Tennyson’s The Lotos Eaters This poem is based on the story of Odysseus's mariners of Homer's Odyssey. In this poem, Tennyson powerfully evokes the mariners' yearning to settle into a life of peacefulness, rest, and even death.
Reasons for the poem • Tennyson, like his father, was a hard worker while those around him lived a life of leisure • His father was disinherited from his family and later died; Tennyson had to leave college and help his family • Angered with those around him living the life of leisure and escapism through alcohol and other means • OR – was he endorsing a life of relaxation? Many lower and middle class of England at the time were working in factories and preoccupied. Did they need to relax? • OR – was he just responding to The Odyssey? Was he arguing a life of moderation?

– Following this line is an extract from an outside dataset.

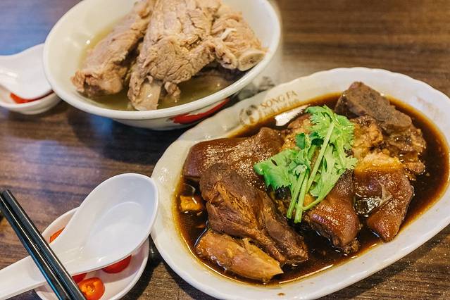 环球影城疯了一天,地铁实在是挤不动了。晚上直接用Grab打车去克拉码头的松发肉骨茶。

The poem also draws on the biblical Garden of Eden in the Book of Genesis. • A "life of toil" is Adam's punishment for eating the forbidden fruit of the Tree of Knowledge: after succumbing to the temptation, Adam is condemned to labor by the sweat of his brow. • In this poem, fruit (the lotos) provides a release from the life of labor, suggesting an inversion of the biblical story.
Nearly every stanza presents a different argument to justify the mariners' decision to remain in the Lotos Land. • For example, in the second stanza the shipmates express the fact that man, who is the pinnacle of creation, is the only creature made to toil and labor all the days of his life.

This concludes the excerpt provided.